Variant(s) implicated in human disease tested (as transgenic human gene, GARS1): the variant forms G294R (G240R) and E125G (E71G) of the human gene have been introduced into flies; E125G (E71G) is also associated with HMN5A. Variant(s) implicated in human disease tested (as analogous mutation in fly gene): G326R in the fly GlyRS gene [corresponds to G294R (G240R) in the human GARS1 gene]. Additional variants implicated in HMN5A have also been tested (see FBhh0000524).
When expressed in somatic clones, a lethal amorphic allele of Dmel\GlyRS produces neuroanatomy-defective phenotypes. UAS-loss-of-function and UAS-RNAi alleles of the fly GlyRS gene typically result in semi-lethal or locomotor-behavior-defective phenotypes, depending upon the GAL4 driver used. Phenotypic assays using an allele of the fly gene equivalent to a missense mutation associated with CMT2D have allowed characterization of genetic interactions. Physical interactions of the Dmel\GlyRS protein product have been described and can be found in the FlyBase report for GlyRS.
[updated Apr. 2018 by FlyBase; FBrf0222196]
Charcot-Marie-Tooth disease (CMT) constitutes a clinically and genetically heterogeneous group of hereditary motor and sensory peripheral neuropathies. CMT is divided into several major types: Type 1 is characterized by demyelination and by a significantly slowed motor median nerve conduction velocity (NCV). Type 2 is characterized by axonal abnormalities and a normal or slightly reduced NCV. "Intermediate" types describe CMT families with nerve conduction velocities, in different affected individuals, that overlap the division between Type 1 and Type 2. Additional types are defined on the basis inheritance patterns. [from MIM:609260 and MIM:606482; 2015.12.15]
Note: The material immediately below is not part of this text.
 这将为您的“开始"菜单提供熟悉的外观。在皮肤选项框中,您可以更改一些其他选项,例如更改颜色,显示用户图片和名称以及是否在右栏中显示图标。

Symptoms typically include progressive distal muscle weakness and atrophy, often associated with mild to moderate sensory loss, depressed tendon reflexes, and high-arched feet. [from Gene Reviews, http://www.ncbi.nlm.nih.gov/books/NBK1358 2015.12.15]
[CHARCOT-MARIE-TOOTH DISEASE, AXONAL, TYPE 2D; CMT2D](https://omim.org/entry/601472)
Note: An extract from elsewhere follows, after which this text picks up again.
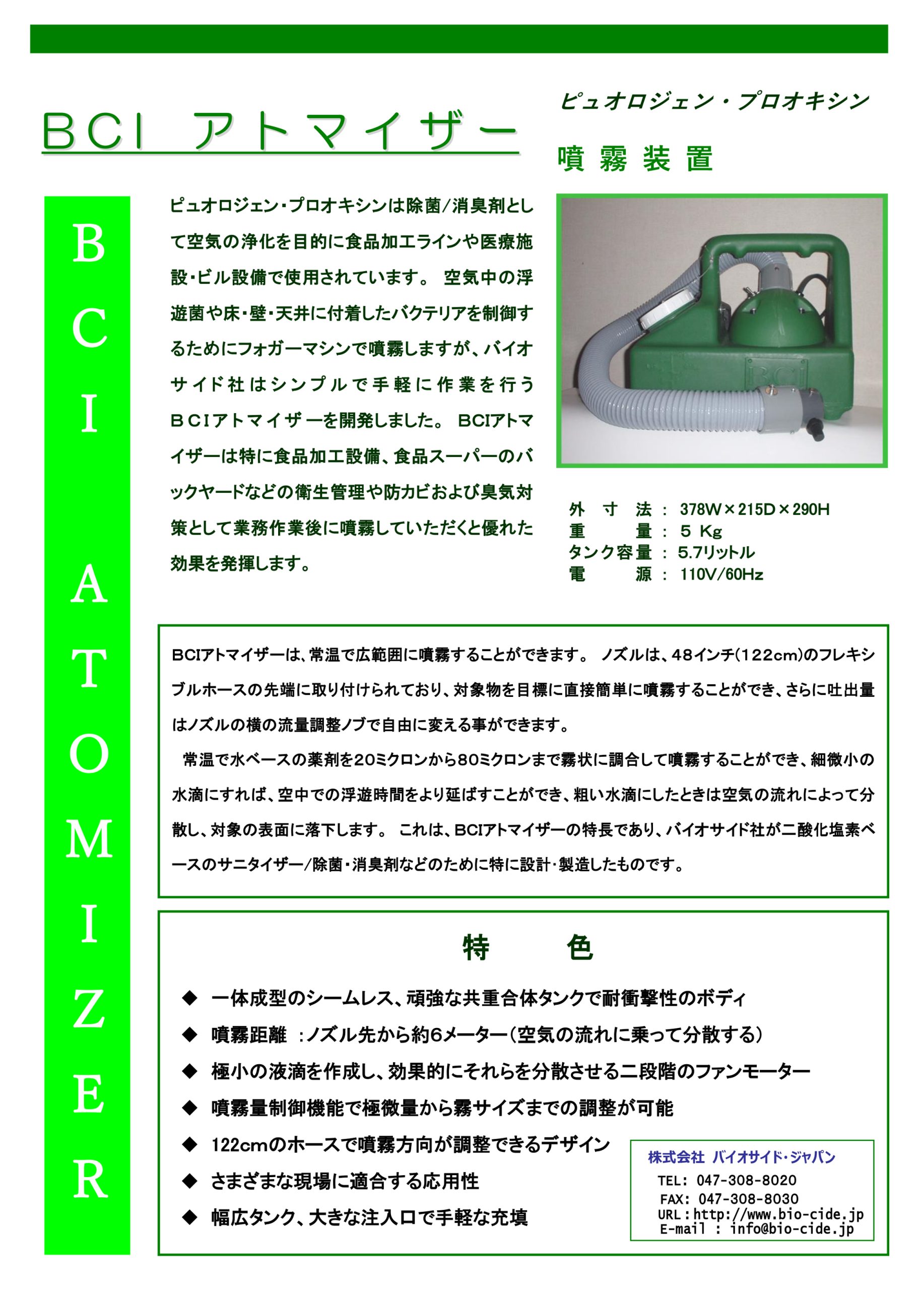 空気中の浮遊菌や床・壁・天井に付着したバクテリアを制御するために、バイオサイド社はシンプルで手軽に作業を行うBCIアトマイザーを開発しました。 水成二酸化塩素製剤を20ミクロンから80ミクロンまで霧状に調合して噴霧することができ、細微小の水滴にすれば、空中での浮遊時間をより延ばすことができ、粗い水滴にしたときは空気の流れによって分散し、対象の表面に落下します。これは、BCIアトマイザーの特長であり、バイオサイド社が二酸化塩素ベースのサニタイザー/除菌・消臭剤などのために特別に設計・製造したものです。

[GLYCYL-tRNA SYNTHETASE 1; GARS1](https://omim.org/entry/600287)
See description of different CMT classification types, above.
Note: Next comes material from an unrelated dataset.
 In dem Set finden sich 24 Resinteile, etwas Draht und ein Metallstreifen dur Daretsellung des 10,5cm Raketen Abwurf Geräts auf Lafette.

CMT2D exhibits an autosomal dominant pattern of transmission; it has been shown to be caused by mutations in the GARS gene. [from MIM:601472, 2015.12.15]
The GARS gene encodes glycyl-tRNA synthetase, an essential enzyme that is responsible for charging tRNA molecules with glycine via an aminoacylation reaction (summary by Griffin et al., 2014, pubmed:25168514). [from MIM:600287, 2015.12.15]
One to one: 1 human to 1 Drosophila.
Ortholog of human GARS (1 Drosophila to 1 human). Dmel\GlyRS shares 60% identity and 75% similarity with human GARS.